When I look back on my day and feel it was largely spent dealing with uncooperative children, I’ve learned to look at myself.
When I feel that I’m “losing control,” I’ve learned to look at myself.
And when I resort to threats, scolding, or other authoritarian tactics, I’ve learned that the problem is definitely me.
We’ve all been there. I know this because my inbox is full of messages from educators and parents desperate for help.
It used to frustrate me, for instance, when children refused to participate in group activities like clean-up or circle time. I now know that they weren’t reacting to the activity as much as to the way I was speaking to them about it. Psychologists, philosophers, and neuroscientists agree: the language we use creates reality.
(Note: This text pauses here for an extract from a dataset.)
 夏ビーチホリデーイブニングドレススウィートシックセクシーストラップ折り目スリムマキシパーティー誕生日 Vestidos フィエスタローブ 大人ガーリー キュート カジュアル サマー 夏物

And so often, the way we speak with children leaves them with little choice but to ignore us, resist, or otherwise behave in ways that we label as challenging.
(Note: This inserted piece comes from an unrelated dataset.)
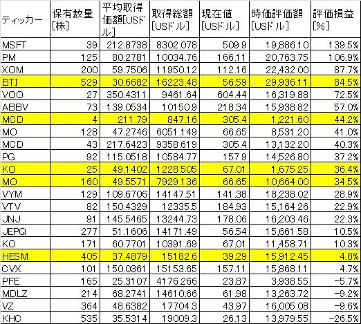 XOMは長らく持っているので+87.7%(+100%超えの時もあった)もありますが、同業のCVXは+4.7%どまりなのは保有期間が短いからです。

Eventually, through much trial and error, I discovered how so many of us inadvertently create environments in which the children in our lives are actively discouraged from thinking for themselves. No wonder they rebel! Over the years, I’ve developed a comprehensive approach to communicating with young children in a way that frees them up to rely upon their own better angels instead of the constant direction of adults. The result is a 6-week course I call The Technology of Speaking With Children So They Can Think. It delivers a whole new paradigm, built upon thoughtfully changing how we actually speak with children . . . and with everyone else, for that matter.
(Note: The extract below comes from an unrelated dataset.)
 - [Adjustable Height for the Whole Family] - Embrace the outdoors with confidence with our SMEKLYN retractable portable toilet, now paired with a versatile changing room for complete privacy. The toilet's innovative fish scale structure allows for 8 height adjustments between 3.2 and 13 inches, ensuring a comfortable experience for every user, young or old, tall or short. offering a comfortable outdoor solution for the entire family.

It’s a way of creating a new reality through language in which so-called “challenging behaviors” in children are greatly reduced and in many cases eliminated; where children are enabled to make their own decisions; and where adults are freed from the need to behave like authoritarian task-masters.
It’s an approach that frees children to think for themselves, while enabling educators and parents to create a world in which children listen and cooperate, not because they said so, but because they've chosen to do so.
The best part of all of this is that when you adopt this "technology," you will find yourself being the kind of teacher or parent you always imagined yourself being -- one who is the calm, confident, authoritative (not authoritarian) presence young children need in their lives.
I'll be sharing more details about the course in the coming days, so stay tuned. If this sounds like something you want to know more about, click here to get on the waitlist for the 2024 cohort.
In the meantime, in the coming days, when confronted with challenging behavior, pause for a moment to ask yourself, "Is it me?" And if it is, ask yourself how you would want to be spoken to if the shoe were on the other foot. Because at the end of the day, the "technology" I'm talking about is the one of treating children, even very young children, like people rather than their challenging behavior.